Web content mining targets the knowledge discovery, in which the main objects are the traditional collections of multimedia documents such as images, video, and audio, which are embedded in or linked to the web pages.

It is also quite different from Data mining because Web data are mainly semi-structured and/or unstructured, while Data mining deals primarily with structured data. Web content mining is also different from Text mining because of the semi-structure nature of the Web, while Text mining focuses on unstructured texts. Web content mining thus requires creative applications of Data mining and / or Text mining techniques and also its own unique approaches. In the past few years, there was a rapid expansion of activities in the Web content mining area. This is not surprising because of the phenomenal growth of the Web contents and significant economic benefit of such mining. However, due to the heterogeneity and the lack of structure of Web data, automated discovery of targeted or unexpected knowledge information still present many challenging research problems.

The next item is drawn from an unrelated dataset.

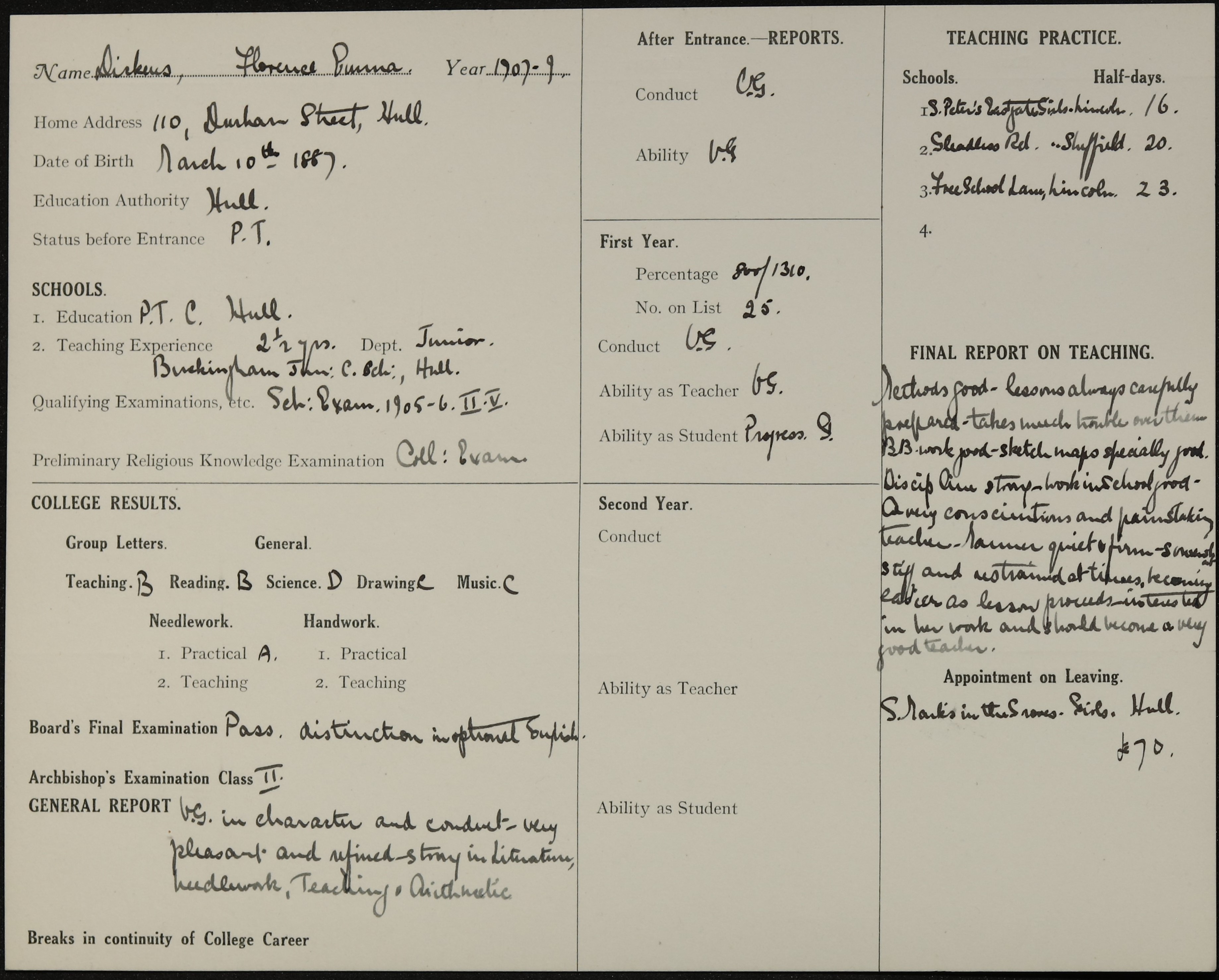She is at 110 Durham Street, Hull. Her father is listed as ‘C E Engineers Inspector of Works’. Her sister, Beatrice, is listed as ‘Shorthand Writer and Typist’. Florence is listed as ‘Certificated School Teacher’. Her mother, her sister (Edith) and nephew Eric Dickens (b. 1904) are unlisted.

Web content mining could be differentiated from two points of view: Agent-based approach or Database approach. The first approach aims on improving the information finding and filtering. The second approach aims on modeling the data on the Web into more structured form in order to apply standard database querying mechanism and data mining applications to analyze it.

Web Structure Mining

Web Structure Mining focuses on analysis of the link structure of the web and one of its purposes is to identify more preferable documents. The different objects are linked in some way. The intuition is that a hyperlink from document A to document B implies that the author of document. A thinks document B contains worthwhile information. Web structure mining helps in discovering similarities between web sites or discovering important sites for a particular topic or discipline or in discovering web communities. Data Mining Unit 9 Sikkim Manipal University Page No. 179

Simply applying the traditional processes and assuming that the events are independent can lead to wrong conclusions. However, the appropriate handling of the links could lead to potential correlations, and then improve the predictive accuracy of the learned models.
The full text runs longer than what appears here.